Line Surge Arresters are used to prevent flashovers on the insulators strings of the overhead line. The purpose is not the protect the insulator itself but to reduce or eliminate lightning induced outages. These can have penalizing contractual consequences but also severely impact the stability of the network.
Prevent lightning flashovers
LSA are mainly used to improve lightning performance by reducing lightning induced outages. If the BIL of the insulator string is exceeded, a flashover might cause of breakers operation to clear the fault. Lightning induced outages are very significant in some regions.
Although transmission lines are shielded with OPGW and grounding resistance was achieved during tower erection, back-flashovers and shielding failure might still be an issue that needs to be addressed.
Non-Gapped Line Arresters
NGLA is a basic adaptation of the substation’s arresters used to protect valuable equipment like power transformers.

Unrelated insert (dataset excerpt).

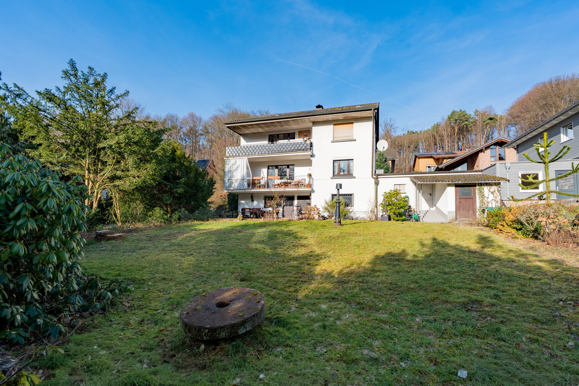 Ein weiteres Highlight ist das Gartengeschoss in Hanglage, welches neben klassischen Abstell- und Nutzräumen auch einen Waschkeller sowie wohnlich ausgebaute großzügige Gesellschaftsräume mit eigener Küche und Kamin umfasst. Von dort besteht direkter Zugang zur Terrasse und in den Garten, wodurch sich dieser Bereich hervorragend für gesellige Abende, Feiern oder als Hobby- und Freizeitbereich eignet. Die Immobilie befindet sich in renovierungsbedürftigen Zustand, der Käufern die Möglichkeit bietet, durch gestalterische und technische Maßnahmen ihre eigenen Wohnvorstellungen zu verwirklichen und das Haus individuell zu modernisieren. Die solide Bausubstanz, der attraktive Grundriss und die naturnahe Lage machen dieses Objekt zu einer Immobilie mit besonderem Potenzial.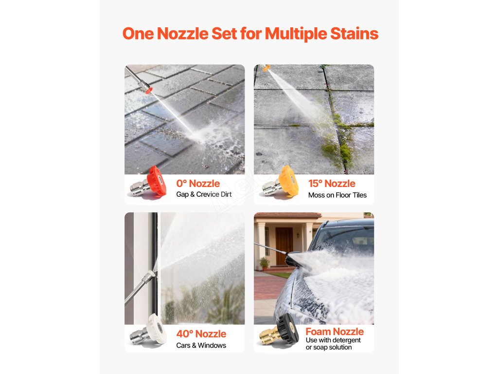 Odpověď: Při čištění předmětů, u nichž hrozí riziko odlupování barvy, doporučujeme použít trysku s úhlem 40°, aby se snížila pravděpodobnost poškození povrchu.

As of today in 2022, the IEC/IEEE for NGLA are the same as for gapless tpyes (IEC 60099-4). The active part is directly connected between the phase conductor and the grounded structure. The residual voltage of the MOV column will limit the overvoltages across the insulators and prevent flashover when BIL is exceeded.
NGLA requires a clamping system to the conductor, a Ground Lead Disconnector (GLD) and in most cases a grading ring with a corona ring.
To galvanically isolate the line surge arrester from the line voltage in the unlikely event of a fault or thermal overload, a disconnector is installed in series. It automatically and immediately disconnects the line surge arrester from the line voltage. This allows the affected overhead line to be reenergized and operated until convenient replacement can be scheduled.
Relevant standards: IEC 60099-4 / IEEE C62.11. Application Guide IEC 60099-5 / IEEE C62.22, IEEE 1243
Externally Gapped Line Arresters
Externally Gapped Line Arresters (EGLA) have an external spark gap placed in series that galvanically isolates the active part (SVU – Series Varistor Unit) of the line surge arrester from the line voltage under normal conditions.
In case of lightning, the spark gap is ignited, and the overvoltage is safely discharged through the resulting arc. The active component (SVU) limits the subsequent current to ensure that the arc is extinguished within the first half-cycle of the operating power-frequency voltage. After this, the line surge arrester immediately returns to standby condition. No breaker operation required. The active component can have either one or two SVUs (on each side) depending on the system voltage level and user’s requirements.
Relevant standards: IEC 60099-8